(Entries taken from a collection)
******************************
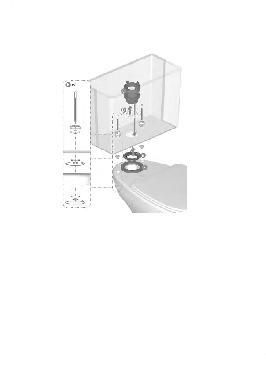8 - Fit close coupling washer (item F) to threaded tail of base.
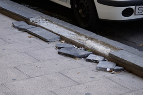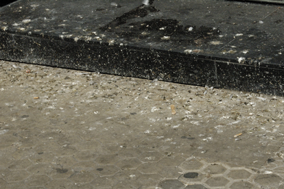 Excrementos de paloma en una acera muy transitada a un lateral de la
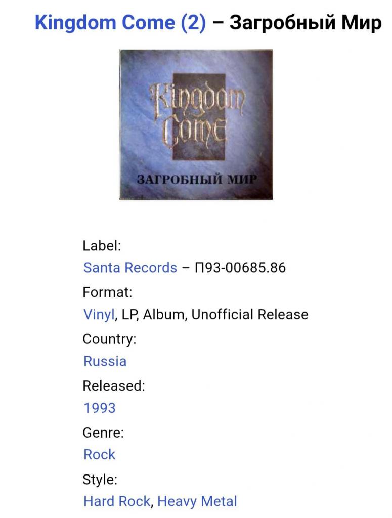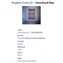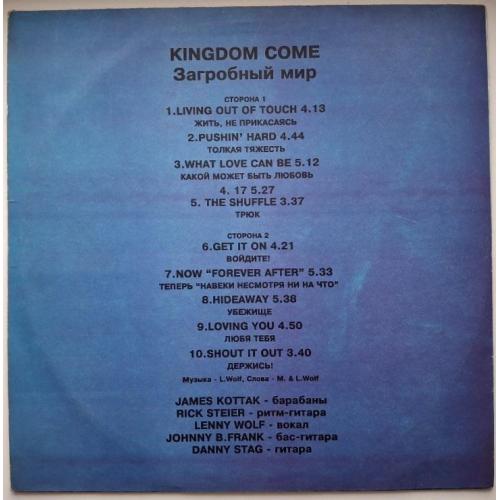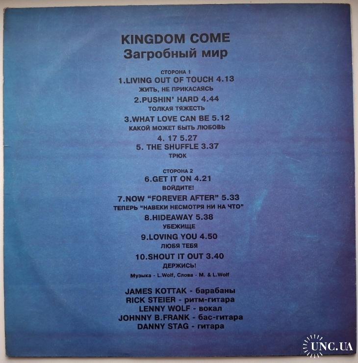 Вінілова платівка. Перший, дебютний, в дискографії, студійний альбом, Німецької хард-рок, глем-метал групи Kingdom Come, до складу якої, на той час, входили учасники Ленні Вольф, Денні Стек, Рік Штайєр, Джонні Б. Франк та Джеймс Коттак (Kingdom Come / Загробный Мир) 1988. Випуск фірми (Santa Records) Russia, 1993-ій рік. Неофіційне видання (Unofficial Release). Рідкісне (Rare). Стан платівки ЕХ-. Стан конверту NM-. Відправка по Україні службами доставки: Нова Пошта, Укр Пошта, Делівері. Також відправляємо посилки за кордон по цілому світу.
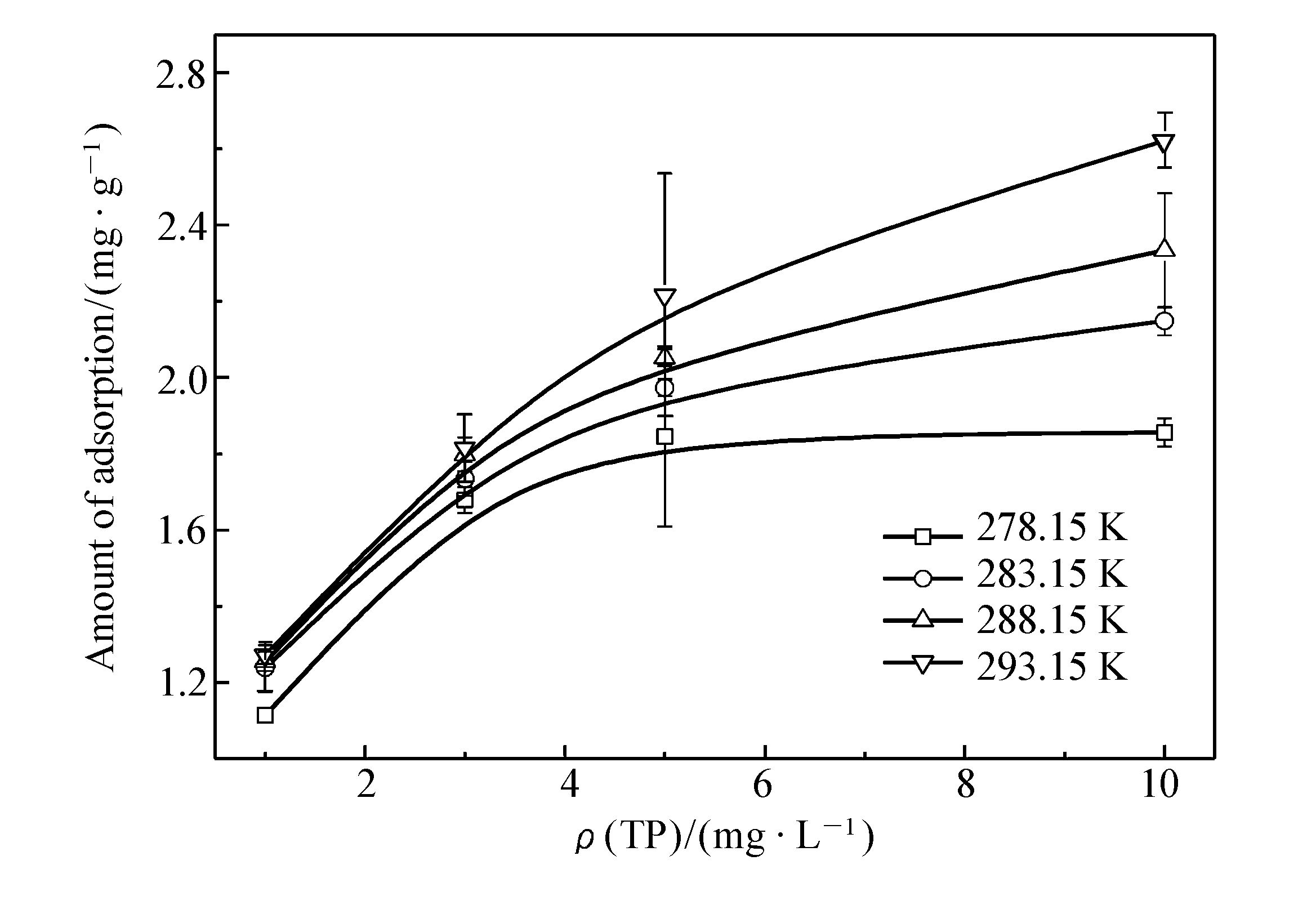 配制总磷初始质量浓度分别为1、3、5、10 mg/L的焦磷酸钠溶液,量取50 mL于离心管中,并分别加入50 mg的针铁矿吸附剂,置放在278.15、283.15、288.15和293.15 K的环境下24 h,取样过滤,测其吸光度并计算吸附量。
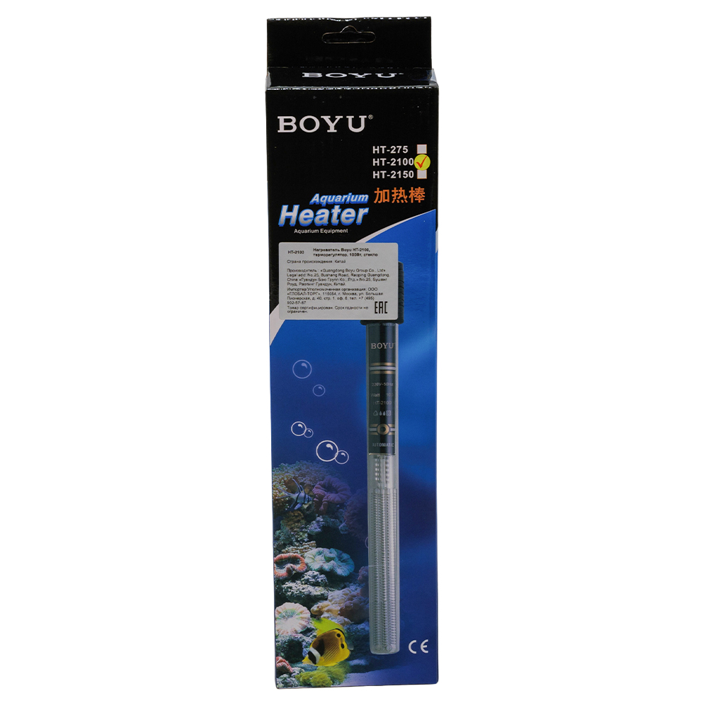 Нагреватель для аквариума Boyu HT-2100 – профессиональное решение для содержания аквариумных рыб и черепах. Стеклянный нагреватель с терморегулятором идеально подходит для аквариумов объемом 90-130 литров, обеспечивая стабильную температуру воды.
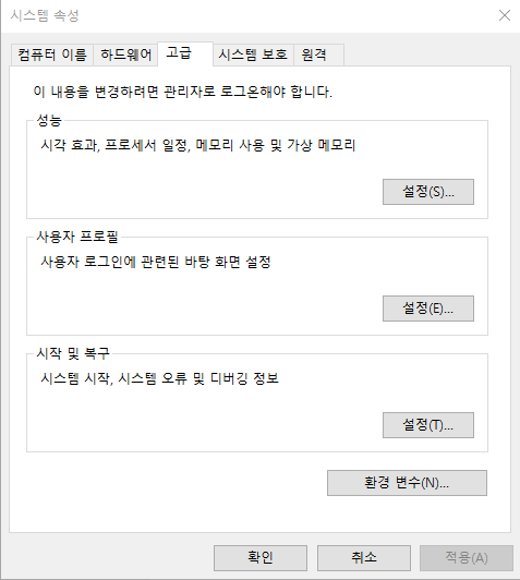 시스템 속성에서 환경변수 버튼을 클릭하신 후
******************************
In the answer, give only the lines from the top of the data above through the line with "Excrementos de paloma", reproduced exactly; no picture may appear.

8 - Fit close coupling washer (item F) to threaded tail of base.
 Excrementos de paloma en una acera muy transitada a un lateral de la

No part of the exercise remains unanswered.